In a ground-breaking book published in 2000, Peruvian economist Hernando de Soto explained the connection between secure property rights and prosperity. Called The Mystery of Capital: Why Capitalism Triumphs in the West and Fails Everywhere Else, it links higher Third World poverty levels with the lack of clear legal definitions of property. De Soto estimates that the teeming masses in Latin America, Africa and Asia are sitting on assets that total US$9.3 trillion dollars, a capital base that could generate more enterprises than all the money coming from developed countries. Mostly composed of the land occupied by poor people, it has become what is called “dead capital,” “held but not owned” by its occupants. It amounts to 20 times the size of foreign commercial investment over the last decade and 93 times the amount of foreign aid to the Third World in the past 30 years. It remains unreleased because most of its occupants are squatters, with no legal title.

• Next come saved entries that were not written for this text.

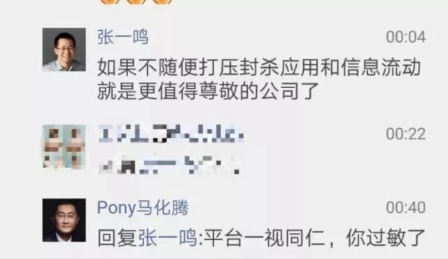 但也有爆料称,张一鸣在其这篇文章下面留言表示:“如果(腾讯)不随便打压封杀应用和信息流动,就是更值得尊敬的公司了。”马化腾则回复张一鸣“过敏了”,表示“平台一视同仁”。
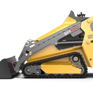 The stand-on SM100 is compact and narrow at 35.5", it will fit thru most gates and is easy to operate. The tracks provide great stability. Operator standing position provides far superior, 360 degree visibility compared to a conventional skidloader. At 35.5" wide this machine is a great option for most backyard gates.
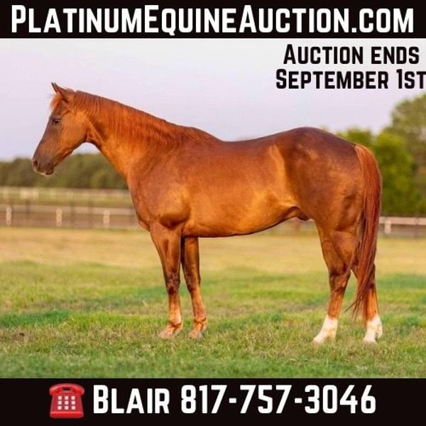 ONLINE AUCTION Place your bids at www.PlatinumEquineAuction.com Starting Bid $3500 Auction ends September 1st, 2024 Need a new saddle? Check out White Rock Saddles on our website or Facebook! “Dump truck” is a 14.3H, 2013’ AQHA chestnut gelding. This one does it all, watch his whole video!! From the ranch, to the roping pen, to the McDonald’s drive through, to the street and even INSIDE Tractor Supply, this guy will keep you absolutely safe! Dump Truck is one of the most versatile horses we’ve come across! He’s very gentled natured, easy to get along with, FANCY broke with all the buttons and SANE! He affectionately got his name from the a team roper who thought he dropped his booty like a dump truck…..and it sure fits him! He is a finished high number heel horse and has been hauled to a handful of jackpots recently. For the past few years, he was owned by an older gentleman who unfortunately passed away. He is safe and gentle for anyone to handle and he can go from the trails, to town, to the roping pen and not skip a beat. He’s not spooky and has ZERO buck, bolt or rear. Dump Truck has a very sweet, kind personality and gets along with everyone and everything! He is an easy hauler, loader, tier, and just plain easy to get along with in general with everything! He’s seen it all, even the inside of Tractor Supply and he acted like it was his 100th trip to the store for his favorite feed. He’s very handy broke and neck reins, moves off leg and stops with absolute ease. He picks up both leads great and will not switch gaits unless asked! Dump truck would excel for any higher number heeler, trail rider, rancher, handy kid or anyone just looking for an absolute fun one to enjoy! We also think he would make a jam up little barrel horse and we may experiment with that, so watch our website for those videos!! He would quickly make a breakaway horse and if patterned, he’d be the perfect junior rodeo horse! He would also make a sorting horse easily! Dump truck has TONS of heart and try! He LOVES to go to work and make you happy! He’s UTD on feet, coggins and teeth and ready to go! If you’re looking for a safe, honest absolute BLAST of a horse to ride, DO NOT miss Dump Truck!!! Dump Truck is a registered AQHA gelding! He will be selling WITHOUT his papers due to his previous owner’s passing and them being lost! The only way for a buyer to have papers in hand is to send in DNA after purchasing!! Papers are not guaranteed! His pedigree is listed in the pictures on our website, and he has been confirmed by previous family to be the horse shown on the pedigree! Go to his website page https://www.northtexashorsecompany.com/selectauctionhorses/dumptruck for more pictures and footage! Please call Blair with North Texas Horse Company for more info at 817-757-3046. We are located in Weatherford, TX and can help arrange affordable shipping to anyone!! ONLINE AUCTION Place your bids at www.PlatinumEquineAuction.com Starting Bid $3500 Auction ends September 1st, 2024 Need a new saddle? Check out White Rock Saddles on our website or Facebook!

To quote The Economist, “secure title makes assets fungible. In a country with good property laws, almost anyone can use a house or a piece of land as collateral to raise a loan.” It also allows for collective effort; ownership of enterprises can be shared by hundreds, each of whom can cash out his or her share without jeopardizing the business. Without a decentralized system of ownership, with legal protection of transactions, economies remain trapped in inefficient, localized webs of interaction.

This analysis offers a compelling explanation for the entrenched poverty of Canada’s native people. A growing number of their opinion leaders are coming to the same conclusion. The sections of the Indian Act — 29, 87, 89 and 90 — that effectively forbid commercial credit create “a real reluctance to put a business on a reserve,” one of them recently stated. Repeal of those sections of the Act would do more to empower ordinary band members than a regime of fair voting.

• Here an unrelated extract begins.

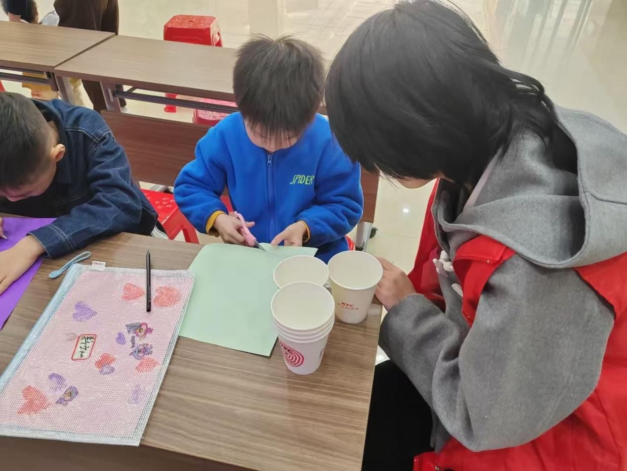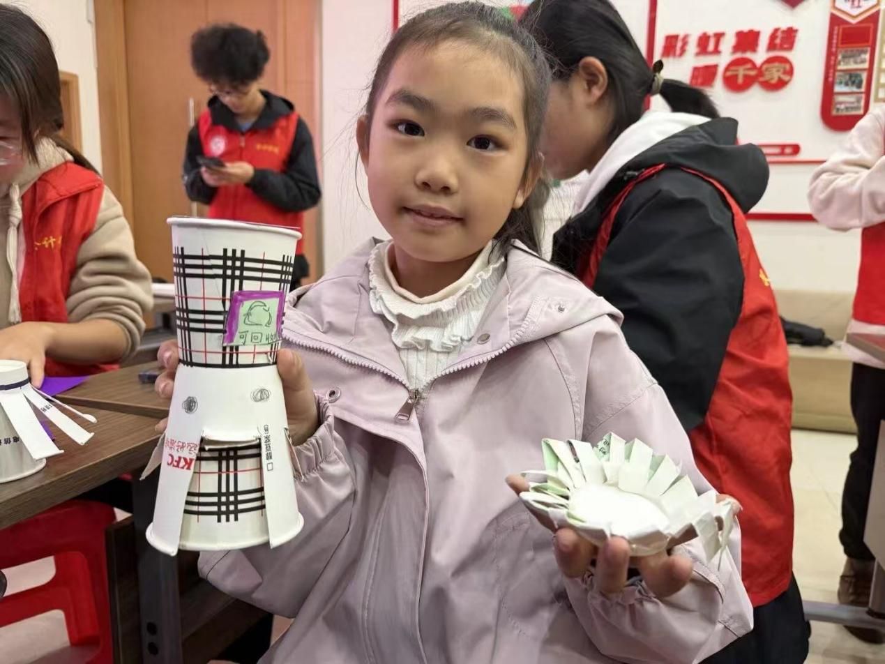 实践过程中,志愿者始终耐心陪伴:看到有孩子纠结“耳朵粘在哪里更可爱”,志愿者会蹲下身一起讨论;遇到孩子担心胶水粘到手,志愿者会示范“少量多次涂胶水”的技巧,并提醒“胶水用完要盖紧盖子,下次还能接着用,不浪费”;发现有孩子把剪下来的碎纸随手放在桌上,志愿者会 递上小袋子说:“这些碎彩纸也是可回收的,我们把它收好,活动结束后一起分类处理。”一个小时里,原本普通的纸杯在孩子们的手中不断“变身”,成为一件件充满童趣的手作,孩子们的脸上满是专注与自豪,时不时还会互相展示自己的成果,分享创作思路。

B.C. native activist Meaghan Walker-Williams, assisted by economist David Friedman, has developed a proposal for expanding native commerce. She calls it the Coast Salish Free Trade Model, and it contains the ingredients for the revival of aboriginal economies. It would create free trade zones on all reserve properties, akin to the open economic structure that made Hong Kong an economic powerhouse, with no taxes and no external regulation. In exchange, business that invested in the zones would have to provide equity and employment for band members. Ms. Walker-Williams would also require investors to plow a percentage of their profits into a perpetual trust fund which would underwrite the myriad of government services now paid for by taxes.

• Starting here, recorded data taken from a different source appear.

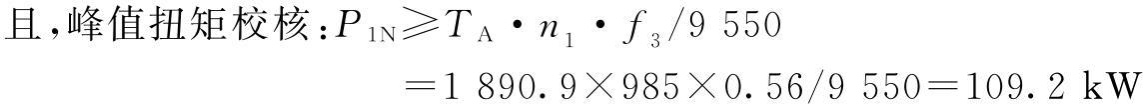 峰值扭矩校核:P1N=22.7kW≥TA·n1·f3/9550=318.1×970×0.7/9550=22.62kW
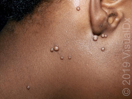 Diagnóstico diferencial e abordagem: O molusco contagioso é uma infecção viral benigna e autolimitada da pele, causada por um poxvírus, comum em crianças em idade pré-escolar e escolar. Manifesta-se por pápulas umbilicadas de 2-5 mm, de coloração da pele (peroladas ou rosadas) e aspecto translúcido/brilhante. As lesões geralmente são assintomáticas, podendo causar leve prurido; em crianças com dermatite atópica associada, pode ocorrer eczema ao redor das lesões (Dermatitis mollusca).
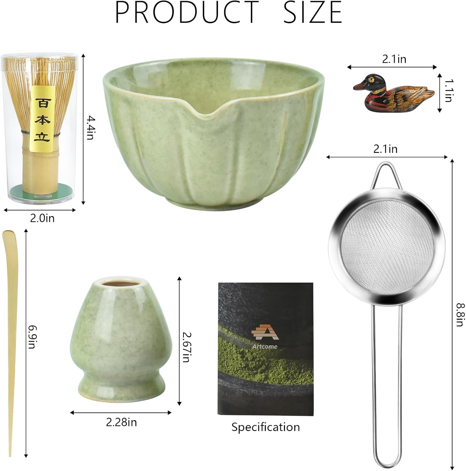 - COMPELETE SET: Matcha whisk, tea scoop, a matcha bowl with a pouring spout, a whisk holder, a scoop holder, a matcha powder strainer and matcha tea manual.

Free trade zones would certainly mitigate the economic disaster induced by decades of bad law. But the notion would be impossible under the current Indian Act. What investors would go near a reserve if it meant risking total capital loss? The section of the Act that forbids non-natives from seizing assets on reserves must be repealed, or the idea is a non-starter.

Aboriginal poverty is mostly a function of bad laws. Tinkering with the Indian Act might expand democratic rights on reserves, but the most pressing need is the assurance of economic rights. When the belly is empty, who cares about voting?

If we intend to help natives climb out of the income cellar, we have to clear the clutter off the stairs.